Evaluation of Stimulation Parameters

Frequency

The frequency of stimulation appears to be particularly important when attempting to maximally influence pineal gland activity. A 10 Hz frequency appears capable of eliciting temporal facilitation whilst much lower frequencies are not. This suggests higher frequency stimulation exerts a greater effect on pineal sympathetic activity compared to lower frequency stimulation. Indeed, this finding from evoked potentials appears to concur with findings investigating pineal metabolic output. Stimulation at 5–10 Hz elicits the greatest increases in AANAT activity, whilst 1–2.5 Hz stimulation elicit subdued responses (Bowers and Zigmond, 1982; Lingappa and Zigmond, 2013). Frequencies below 5 Hz seem to produce submaximal upregulation of pineal metabolism, with 1 Hz capable of downregulating AANAT activity. This downregulation may occur due to failure in synaptic transmission and only occur following stimulation of pre-ganglionic fibres. A few studies investigated frequencies higher than 10 Hz, however the frequency effects are unclear as the majority of the literature only specifies frequency range (i.e., 10–20 Hz). One study (Brooks et al., 1975) used a stimulation frequency of 30 Hz and successfully recorded evoked potentials in the pineal gland. This suggests higher frequencies are capable of influencing the gland electrophysiologically, however, it is unclear how this affects melatonin metabolism. Therefore, further research is required in order to examine the effects of high frequency invasive stimulation on pineal gland metabolic output.
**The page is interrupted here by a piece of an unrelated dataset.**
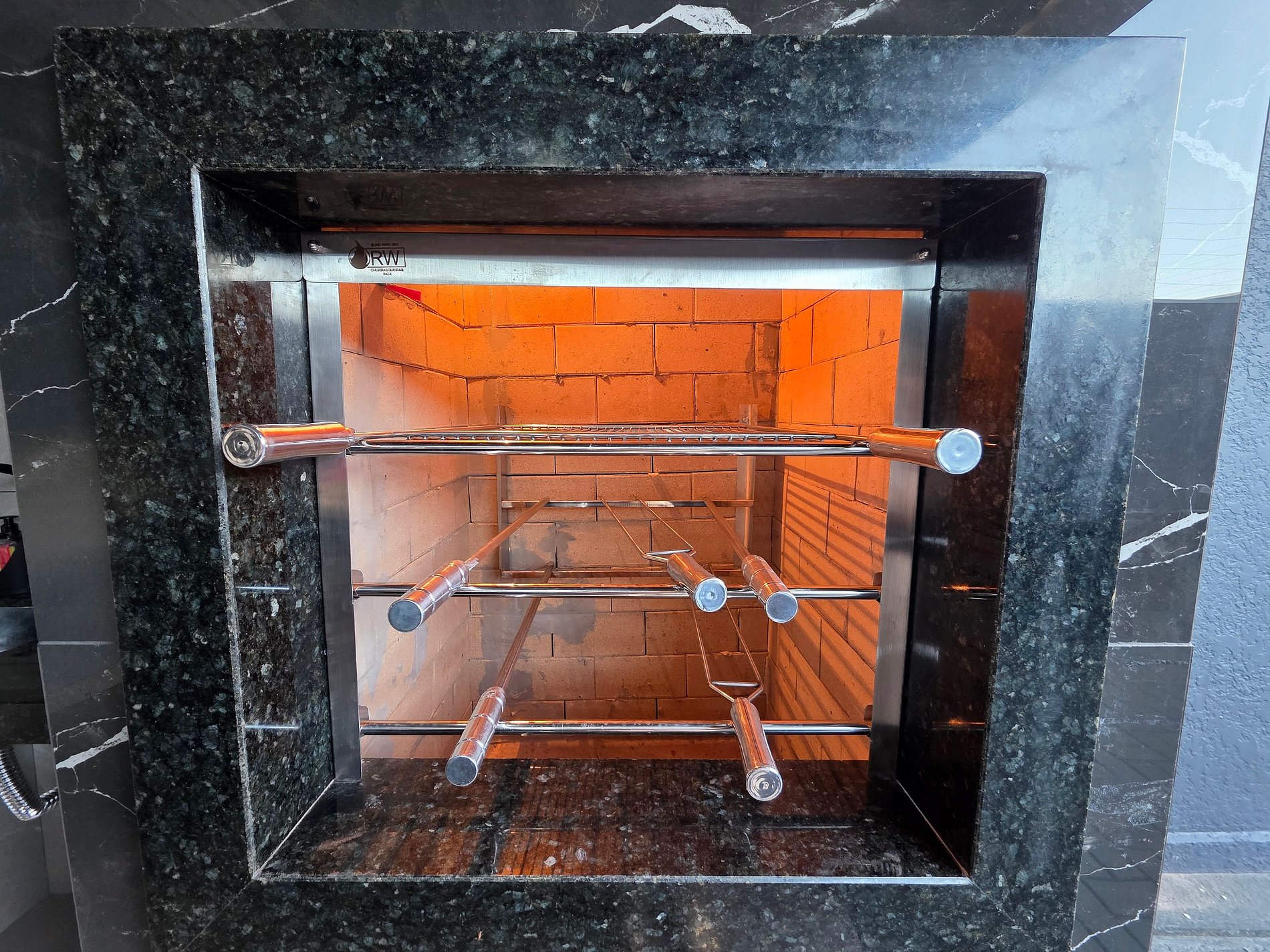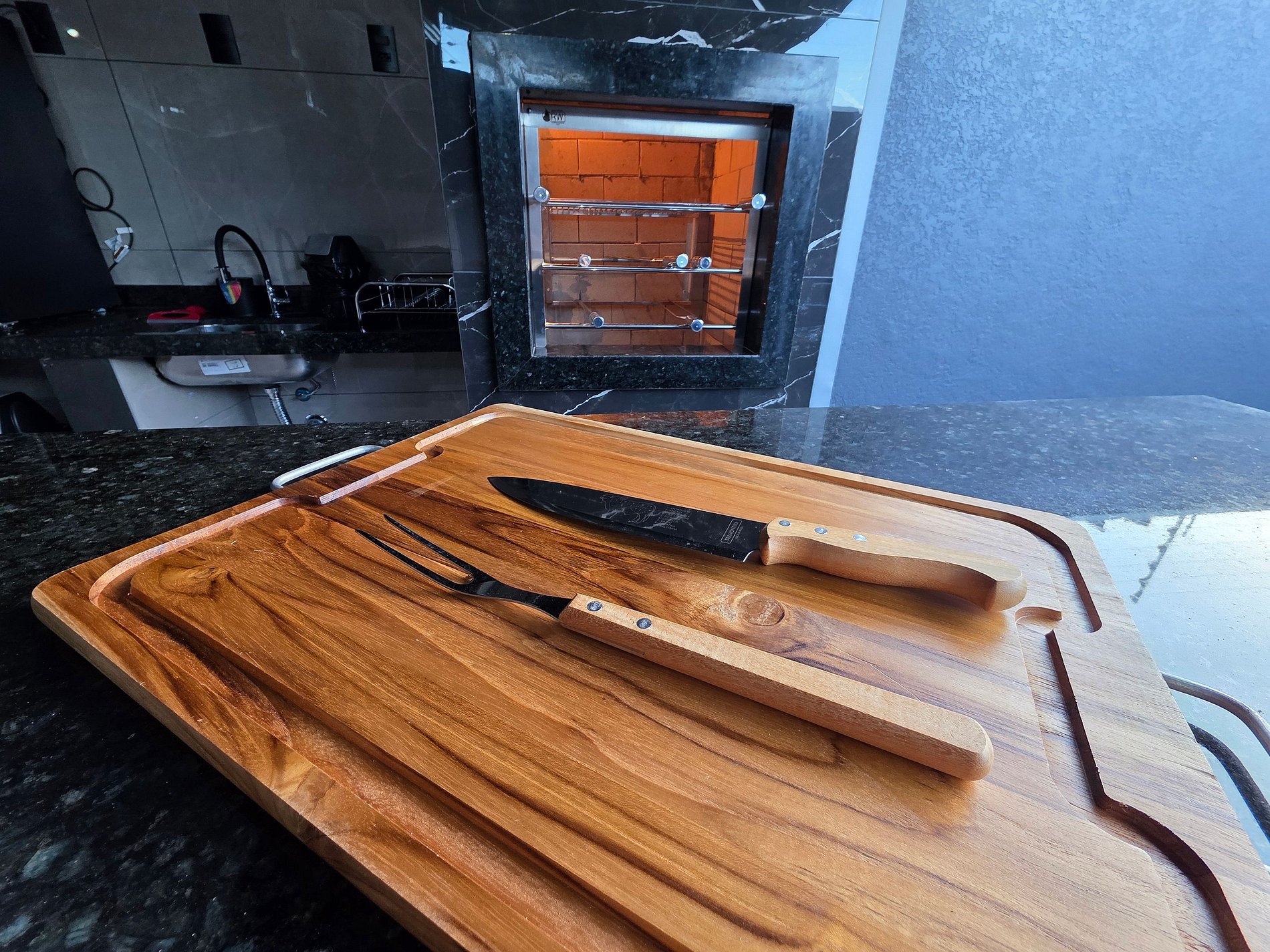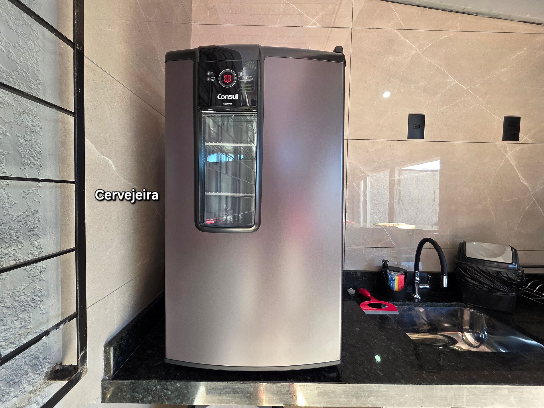 Area gourmet: Churrasqueira com grelha e espetos, mesa de sinuca e cervejeira.

From the reviewed studies, stimulation at 10 Hz appears to be the most efficacious frequency for invasive stimulation. Higher frequencies are more commonly used in non-invasive stimulation literature. However, detailed stimulation parameter reporting in these studies is generally poor with only half reporting the frequency of stimulation used. This means it is difficult to ascertain the effects of different stimulation paradigms in the context of non-invasive stimulation. Two studies that do report the stimulation frequency used offer conflicting results, with one indicating upregulation of melatonin levels, and the other only reporting upregulation of such levels in the presence of a β-adrenergic agonist. This could be due to differences in current used, or other experimental variables that are again, poorly defined. The evidence presented suggests non-invasive stimulation is capable of modulating pineal gland metabolic output but further studies are necessary before definite conclusions can be made on the optimal stimulation parameters to be used.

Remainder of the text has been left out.